= John Aitken (surgeon) =

Scottish surgeon (died 1790)

John Aitken MD, FRCSEd (died 22 September 1790) was a Scottish surgeon, author and the first extramural teacher of medical subjects in Edinburgh since the foundation of the Edinburgh Medical school in 1726.

John Aitken. Engraving by C Knight based on a painting by J Donaldson.

== Early life ==
Little is known about his early life. He is described as "Scotus" on matriculation rolls indicating that he was Scottish. He matriculated at the University of Edinburgh in 1763 to study anatomy, surgery, and chemistry and again in 1769 when he studied the theory and practice of medicine and midwifery. In 1770, he was admitted as a Freeman or Fellow of the Royal College of Surgeons of Edinburgh. He was elected Senior President of the Medical Society of Edinburgh (later the Royal Medical Society) on two occasions: in 1774–75, and again in 1775–76.

== Career ==
Aitken became a surgeon in the Royal Infirmary of Edinburgh. In 1779 he is described as surgeon and lecturer on surgery in Edinburgh. He became teacher of medical students giving lectures in "The Edinburgh Anatomical theatre", where he also gave demonstrations of anatomical dissection. The "Anatomical Theatre" was in Surgeons' Square and Aitken appears to have been the first to give lectures outside the University Medical School and is therefore one of the first, if not the first, extramural teachers of medicine in Edinburgh since the foundation of the university medical school in 1726. His lectures were described as "well attended and he was generally esteemed as a good lecturer". He also wrote several books, chiefly as textbooks for his lectures. They were said to 'contain much valuable information, and show him to be fully conversant with the literature and philosophy as well as the practical department of his profession."

John Aitken made certain practical improvements in surgery. He introduced an alteration in the mode of locking midwifery forceps "to render the matter easier for the practitioner and... more safe for the mother and child." He also invented a flexible blade to the lever. He likewise invented and described in his Essays and Cases in Surgery a pair of "forceps for dividing and diminishing the stone in the bladder, when too large to remove entire by lithotomy."

Aitken also devised a mobile saw used to divide the pubic symphysis where the pelvis was too narrow to allow delivery of the foetus. This saw was made from a clock chain into which serrations had been cut. It remained in widespread use in obstetrics until it was displaced by the wire saw devised for the purpose by the Italian obstetrician Leonardo Gigle.
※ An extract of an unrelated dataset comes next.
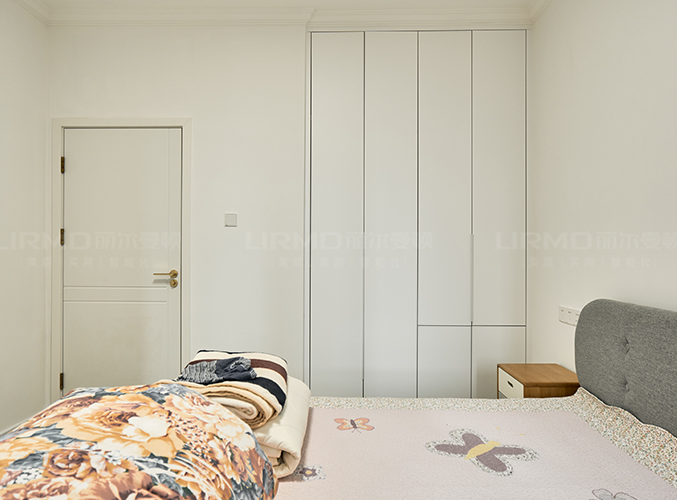 整體的墻柜很好的利用空間,收納大大的提升,無拉手設(shè)計,更顯極簡。

It is not clear where he graduated MD, which he included as a post-nominal from 1783. His name does not appear on the graduation lists of any of the Scottish universities or Trinity College Dublin, but it is possible that he obtained this qualification in Europe.

His entry in the 1905 Dictionary of National Biography used the spelling "Aitkin", but all of his publications and other biographical sources use the spelling "Aitken".

His portrait forms the frontispiece to Elements of Physic and Surgery, London 1779.

==Works==
He wrote:
- Essays on several important subjects in surgery, chiefly with regard to the nature and cure of fractures, London, 1771, 8vo.
- Essays and Cases in Surgery, London, 1775, 8vo.
- Conspectus Rei Chirurgicæ, Edinburgh. 1777, 8vo.
- Medical Improvement; an Address to the Medical Society of Edinburgh, Edinburgh. 1777, 12mo.
- Elements of the Theory and Practice of Surgery, Edinburgh. 1779, 8vo, republished with the ‘Elements of the Theory and Practice of Physic, thus forming 2 vols. entitled Elements of the Theory and Practice of Physic and Surgery, London, 1783, 8vo (with portrait).
- Outlines of the Theory and Cure of Fever, London, 1781, 12mo.
- Principles of Midwifery or Puerperal Medicine, 1784, 8vo.
- Osteology; or a Treatise on the Bones of the Human Skeleton, London, 1785, 8vo.
- Principles of Anatomy and Physiology, Edinburgh. 1786, 2 vols. 8vo.
- Essays on Fractures and Luxations, London 1790, 8vo.